We will continue the Financial Advisory Series by talking about due diligence in mergers and acquisitions (M&A) this week.
Although the phrases "mergers" and "acquisitions" are sometimes used interchangeably, their meanings are distinct. An acquisition is when one firm buys another entirely. A merger is the coming together of two businesses to establish a new legal entity under a single corporate name. By examining comparable firms in the sector and employing measures, a company may be objectively appraised. Mergers and acquisitions aren't always easy to pull off. In reality, these complex transactions can take a long time to complete and frequently need a significant amount of time between buyer and seller. Companies may fail to disclose crucial facts that might impact a buyer's choice to proceed with a purchase if due diligence is not performed. Due diligence in mergers and acquisitions is an effective approach for purchasers to protect themselves against business risk and losses.
What is due diligence in M&A?
When a firm considers buying another company, it must investigate the target company's market and financial situation to ensure that it does not acquire unanticipated difficulties or overpay.
Due diligence refers to the process of gathering and analysing important information.
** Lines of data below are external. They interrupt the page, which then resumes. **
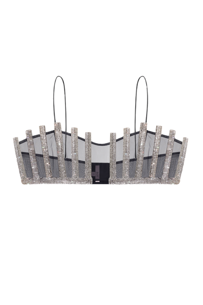 A bralette made from mesh with a figure-hugging bust and internal boning embellished with crystal cords. Lingerie hook-and-eye fastening at the back.Model is wearing a size XS.Model's measurements: height 175 cm.Composition:100% nylon, rhinestones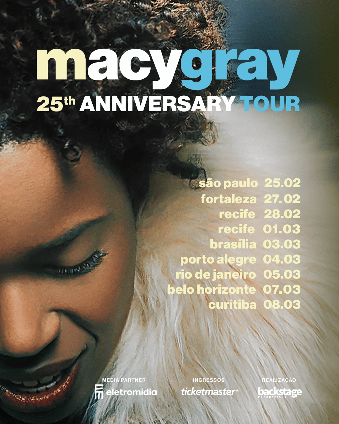 Macy Gray, ícone do R&B, voltará ao Brasil. A dona dos hits “I Try” e “Still” anunciou nove shows no país, marcadas entre fevereiro e março de 2026. Ao todo, a artista passará por São Paulo, Fortaleza, Recife, Brasília, Porto Alegre, Rio de Janeiro, Belo Horizonte e Curitiba, como parte da “25th Anniversary Tour”.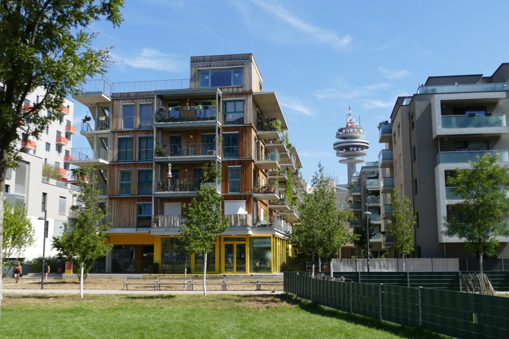 Der Park ist mit seinen 70.000 Quadratmetern der größte der letzten 40 Jahre in Wien und stellt den Löwenanteil des Sonnwendviertels dar. Wir spazierten am „Bildungscampus Sonnwendviertel“ entlang und entdeckten eine Serie von Reihenhäusern mit Balkonen und Nachbarschaftsgärten. Die Gruppe machte kurz halt bei einem Stützpunkt von Lok (Leben ohne Krankenhaus), weil dort eine Klientin der Mediengruppe betreut wird. In den Innenhöfen machten wir wieder einige Fotos zur Dokumentation.
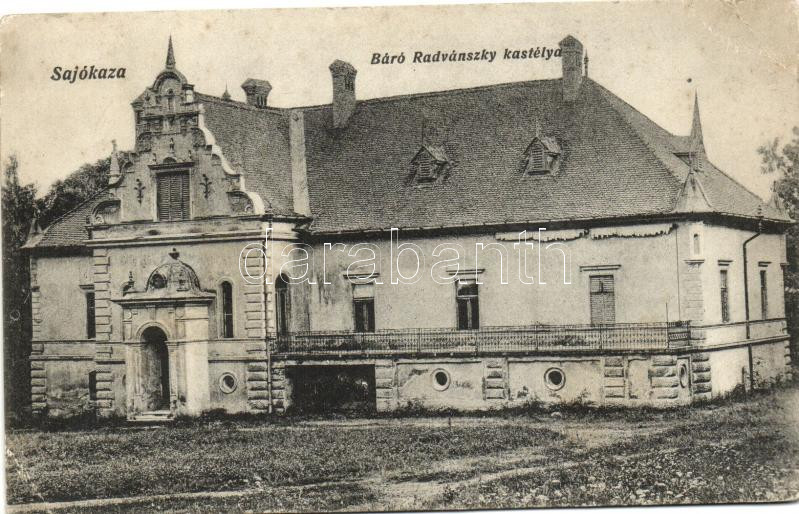 Sajókaza, Báró Radvánszky kastélya, kiadja Monostory György (EB) https://www.darabanth.com/de/266-Fernauktion/266.0/Ansichtskarten/Ungarn~300057/Sajokaza-Baro-Radvanszky-kastelya-kiadja-Monostory-Gyorgy-EB~II1331303
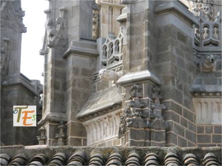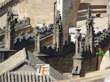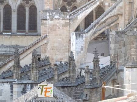 Arbotantes y pináculos, con sus cresterías, que conforman la girola exterior del edificio catedralicio, cuyas estructuras contienen el juego de contrapesos, dando estabilidad y equilibrio a de las bóvedas bajas de su cabecera.
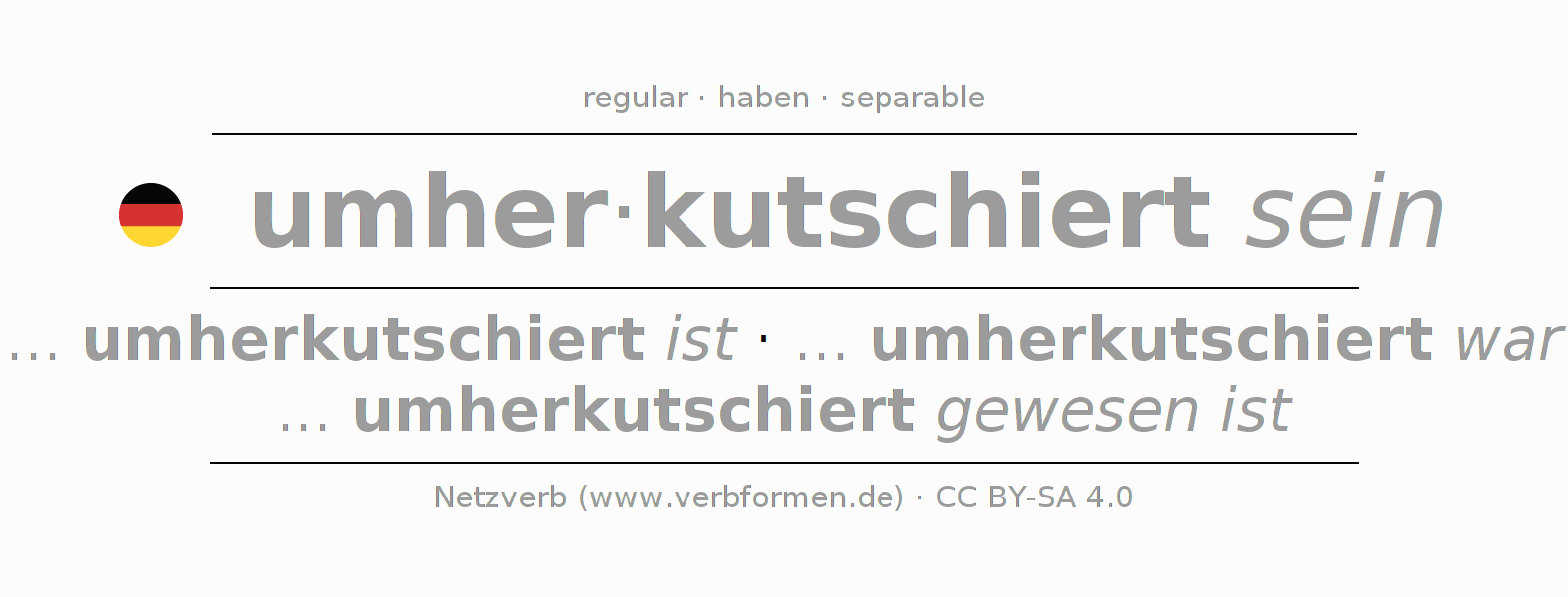 The verb umherkutschieren (hat) fully conjugated in all persons and numbers in the Subjunctive Present

It is a process of verifying and auditing a possible investment or transaction. It is often performed after a transaction has been agreed upon but before a formal contract is signed. Due diligence helps the buyer to verify essential facts (such as financial accounts, debts, employee contracts, possible or present litigation, and so on), as well as analyse the business's value and any potential risks. This approach aids the client in becoming more knowledgeable so that they may make better decisions.
Importance of due diligence
Due diligence assists investors and businesses in determining the nature of a transaction, the risks involved, and if the transaction is a good match for their portfolio. Due diligence is essentially conducting "research" on a possible acquisition and is critical to making educated investing decisions. Due diligence-processed transactions have a better likelihood of succeeding. Due diligence helps decision-makers to make better judgments by improving the quality of information accessible to them.
From the buyer's point of view - Due diligence helps the buyer to feel more certain that their expectations from the deal are accurate. Purchasing a firm without conducting due diligence significantly raises the risk to the buyer in M&A.
From the seller's point of view - Due diligence is carried out in order to give the buyer confidence. Due diligence, on the other hand, may benefit the seller, since going through the thorough financial analysis may disclose that the fair market worth of the seller's firm is higher than previously anticipated. As a result, it is usual for sellers to compile their own due diligence studies prior to possible purchases.
Reasons for due diligence
Due diligence is carried out for a variety of reasons:
To confirm and verify information presented throughout the transaction or investment process.
To spot possible flaws in a contract or investment opportunity in order to prevent a disastrous business agreement.
To gather information that will be beneficial in determining the deal's worth.
To verify if the transaction or investment offer meets the investment or deal conditions.
Due diligence activities in M&A
There is a long number of potential due diligence questions to consider. For industry-specific M&A agreements, more inquiries may be necessary, but for smaller transactions, fewer questions may be required. In an M&A deal, the following are common due diligence questions:
Overview of the target company
What is the business plan and long-term strategic objectives of the company?
What is the business plan and long-term strategic goals of the company?
What is the company's level of complexity (in terms of goods, services, and subsidiaries)?
Has the business lately purchased or merged with another?
What is the company's geographical structure?
Financials - Analysing previous financial records and associated financial measurements, as well as making estimates for the future i.e. future projections.
Technology/patents - The company's technology and intellectual property are of good or high quality.
Strategic fit - How the firm will integrate within the buyer's organisation on a strategic level.
Target consumer base and sales pipeline - The company's target consumer base and sales pipeline.
Management/workforce - The management team, employee base, and corporate structure of the organisation.
Is there any current, threatened, or settled legal action or lawsuit against the company?
What are the terms of any resolved litigation, and what is the status?
Information technology - Capacity, systems in place, outsourcing agreements, and the company's IT recovery strategy.
Business matters - Examining organisational papers and corporate records.
Environmental concerns - The firm's environmental concerns and how they may influence the company.
Production capabilities - An examination of the company's manufacturing capabilities.
Marketing strategies - Understanding the company's marketing plans and arrangements.
In summary, due diligence needs to be conducted to ensure that the buyer knows exactly what they are buying before a deal closes. M& A need extensive due diligence.